Task requirements: Give the data again exactly as it appears, excluding any pictures.

======== Supplied data ========

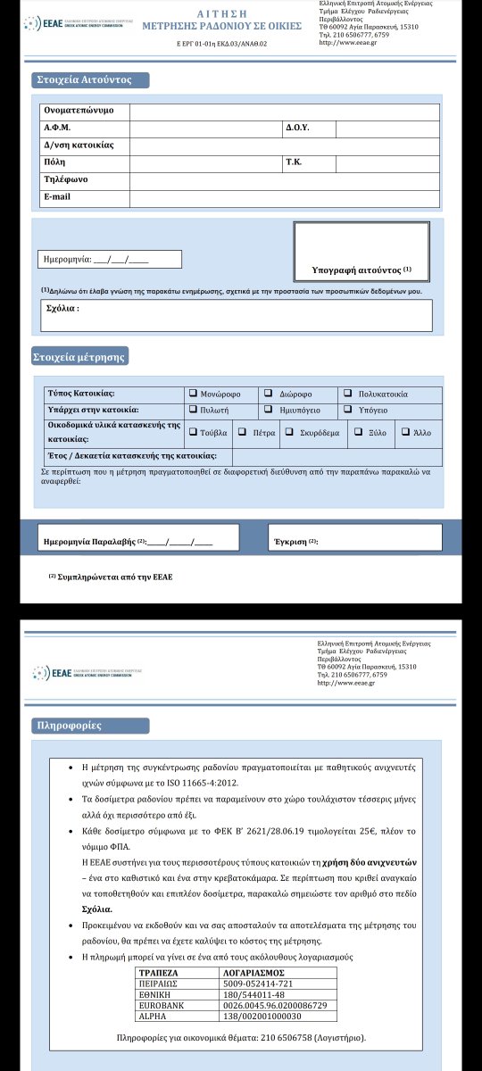 tarantules Δημοσ. 15 Απριλίου 2021 Δημοσ. 15 Απριλίου 2021 42 λεπτά πριν, mix82g είπε Μπορείς να κάνεις αίτηση στην ΕΕΑΕ μέσω της ιστοσελίδας τους και να σε στείλουν ένα δείγμα για έλεγχο στο ραδόνιο. Το έκανα εγώ γι'αυτό στο λέω. Τα τοποθέτηση σε δύο σημεία μέσα στον χώρο που θες να ελέγξεις για 6μηνες και τα στέλνεις στην ΕΕΑΕ για ανάλυση μετα. Είναι δωρεάν όλο αυτο. Το λέω όχι μόνο για εσενα αλλά για όποιον θέλει να κανει έναν έλεγχο στο σπίτι του ή αλλού.Υπάρχουν περιοχές με πολύ υψηλά ποσοστά ιδίως σε υπόγεια κτλ. Κατέβασα την αίτηση και δυστυχώς δεν είναι δωρεάν.Συστήνουν λέει τουλάχιστον 2 δοσίμετρα που το καθένα κοστίζει 25€+ΦΠΑ και για τα αποτελεσματα της μέτρησης πρέπει να πληρώσεις.Έχει και αριθμούς λογαριασμού τραπέζης.
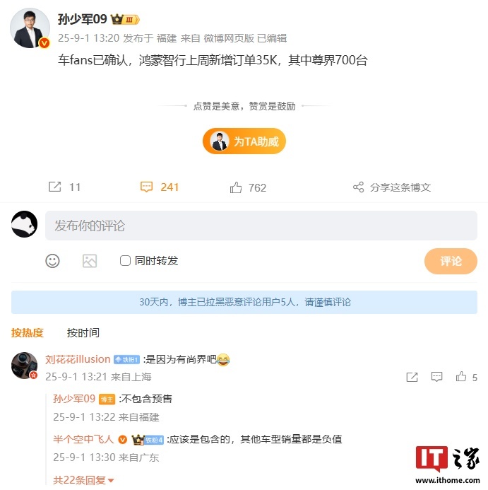IT之家9月1日消息,博主@孙少军09今日发文透露,鸿蒙智行上周新增订单35,000台,其中尊界有700台。
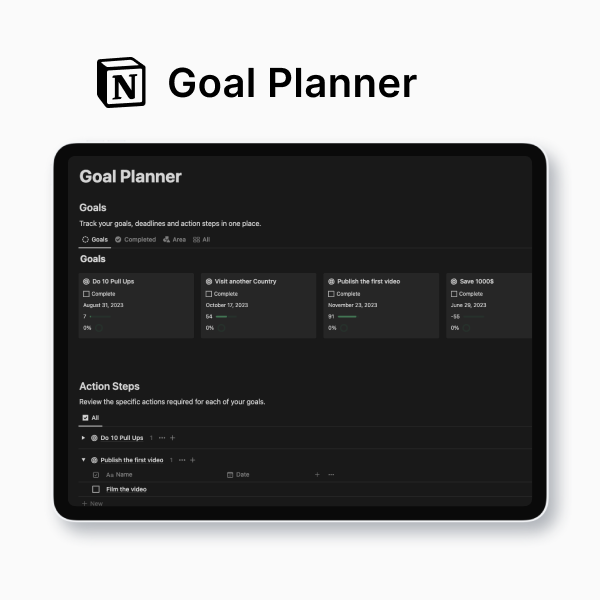 Introducing my Notion Goal Planner Template – the ultimate tool to help you chart your course to success effortlessly. This template is not only a powerful resource but is also completely free to use within Notion.

========

Result below:
 tarantules Δημοσ. 15 Απριλίου 2021 Δημοσ. 15 Απριλίου 2021 42 λεπτά πριν, mix82g είπε Μπορείς να κάνεις αίτηση στην ΕΕΑΕ μέσω της ιστοσελίδας τους και να σε στείλουν ένα δείγμα για έλεγχο στο ραδόνιο. Το έκανα εγώ γι'αυτό στο λέω. Τα τοποθέτηση σε δύο σημεία μέσα στον χώρο που θες να ελέγξεις για 6μηνες και τα στέλνεις στην ΕΕΑΕ για ανάλυση μετα. Είναι δωρεάν όλο αυτο. Το λέω όχι μόνο για εσενα αλλά για όποιον θέλει να κανει έναν έλεγχο στο σπίτι του ή αλλού.Υπάρχουν περιοχές με πολύ υψηλά ποσοστά ιδίως σε υπόγεια κτλ. Κατέβασα την αίτηση και δυστυχώς δεν είναι δωρεάν.Συστήνουν λέει τουλάχιστον 2 δοσίμετρα που το καθένα κοστίζει 25€+ΦΠΑ και για τα αποτελεσματα της μέτρησης πρέπει να πληρώσεις.Έχει και αριθμούς λογαριασμού τραπέζης.
IT之家9月1日消息,博主@孙少军09今日发文透露,鸿蒙智行上周新增订单35,000台,其中尊界有700台。
 Introducing my Notion Goal Planner Template – the ultimate tool to help you chart your course to success effortlessly. This template is not only a powerful resource but is also completely free to use within Notion.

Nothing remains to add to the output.